The bottom-left is the lighting buffer, showing the accumulated light from all light sources in view (currently just point lights, or in this case, a single point light). A polygon is rendered in the shape of the “visible” area as discussed above, and then a shader is used which uses the information in the normal map to calculate how much light strikes each pixel fragment. You’ll notice that in the final version the walls are not very visible so I’m hoping to improve this soon – I plan to encode the “height” of the walls using the alpha transparency of the normal map sprites so the light source should interact with the wall edge more realistically. Currently the point lights have a radius of 7 tiles but this falls off quite sharply so I’m going to adjust the algorithm used so they project light over a wider area without having to calculate a larger visibility polygon.

Finally the bottom-right texture is the final output, which for now is just the output of combining the diffuse and lighting buffers. Hopefully the changes I just mentioned should make this a bit brighter as its too dark as things stand. I’m also going to greatly increase the global ambient lighting – the goal is that the player can see what is in unlit areas although it should always be preferable to include some light source.

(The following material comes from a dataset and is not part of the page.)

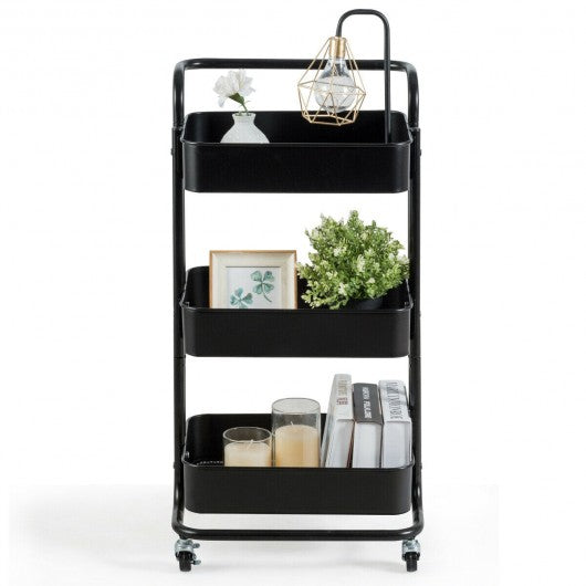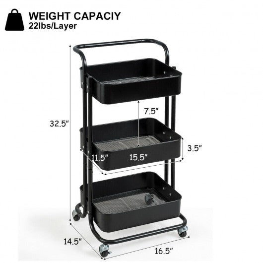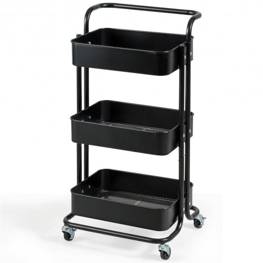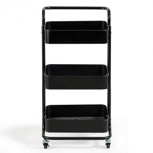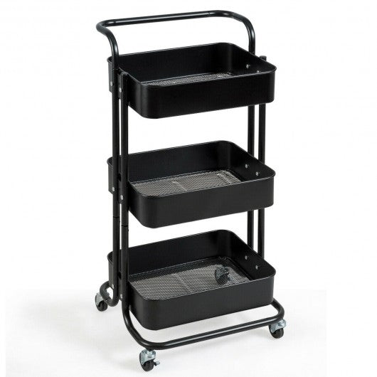 This is the portable 3-tier utility cart which is ideal for adding extra storage space to your home.     Made of powder coated steel this trolley cart is sturdy and durable able to withstand long-term use. Featuring four universal wheels it can be easily moved anywhere you need. 3-tier design provides large storage space while saving you floor space to optimize the space utilization as much as possible. Simple appearance makes it suitable for living room kitchen dining room and other occasions.     If you are looking for such a cart don't hesitate to buy it!     High quality iron ensures sturdiness and durability 3 storage baskets provide sufficient space for your daily storage Can be easily moved with four 360-degree wheels and a wide handle Simple and modern appearance is suitable for various home decors Powder coated metal frame is rustproof and easy to clean Can be used in kitchen bathroom bedroom and other places Easy to assemble with detailed instructions
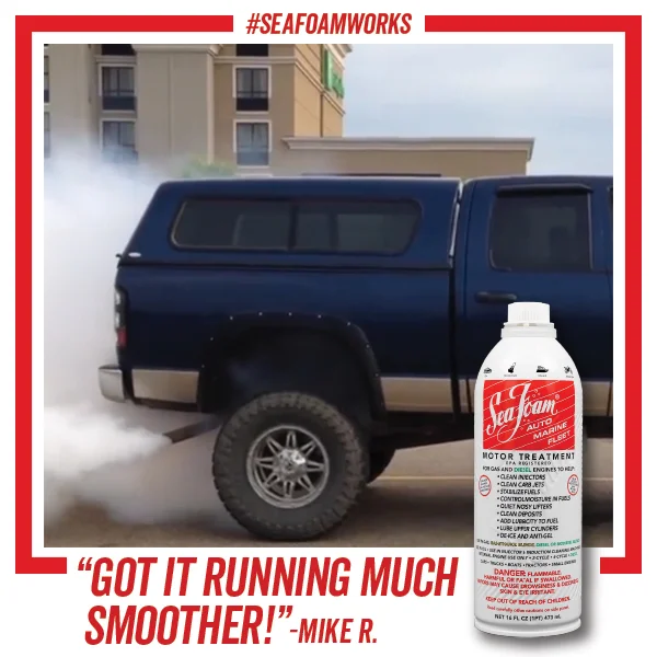 “This is a 2003 Dodge 1500 with a 5.9-liter gas motor (360 Magnum) with about 220,000 kilometers. The truck is old, was parked for a long time and was running real rough. I used Sea Foam Motor Treatment – got it running much smoother! First can of Sea Foam ever…lovin’ it!”

I put together a video showing the complete process from start to finish (at least in terms of development stages)

There’s a bug in the video that the point light is stretched into the aspect ratio of the window, so the light source appears oval-shaped rather than circular. After a bit of head scratching I fixed this in the shader. It occurs to me that due to the information in the wall sprite normal maps which define how it is lit, I no longer need the “top” of wall edges as part of the light visibility polygon – instead the far sides of a wall from a light source will not be lit due to the normal mapping. I’m going to take this out which should give the exact same results but be a huge performance increase, allowing for many more lights than the current solution in the same amount of processing time. I’ve not tried conclusively performance testing the point light system but as it stands the engine should handle thousands, maybe about 10,000 point lights, on-screen without any slowdown in the framerate. I’ll have to see what it can handle with a large amount of lights moving around the map at once, but I’m confident it can handle *a lot*, more than will be realistically needed in the game on-screen at once.

From here, the next major steps I’m going to be working on are global illumation – “outdoor” lighting that also illuminates indoor areas that have doors and windows. I’d also like to get some more art assets into the game to expand on the absolute basics that have been created so far. Having said that, I’m getting married next week and then I’m on honeymoon for the best part of a month so unfortunately King under the Mountain will be on hold for a while – I don’t think spending the holiday on game development would make a very good impression with my wife!


Bonus Content!

As part of working on the lighting system, and more specifically the normal map sprites, I’ve put the basics in place for ensuring that King under the Mountain is fully data-driven. That is, the game is not hard-coded to know about different kinds of walls, floors, materials and other information, instead this is loaded as the game starts from a set of data files. What this really means is that the game is completely moddable – everything you see or interact with in the game can easily be overridden in a user-created mod just by including some sprites or data files in the correct place. Ease of creating mods is a top priority for me in designing the game engine and this is going to factor into every aspect of the game’s development. The goal is that total conversion mods should be possible (and even better, easy) to implement and use the game engine for a completely different aesthetic entirely.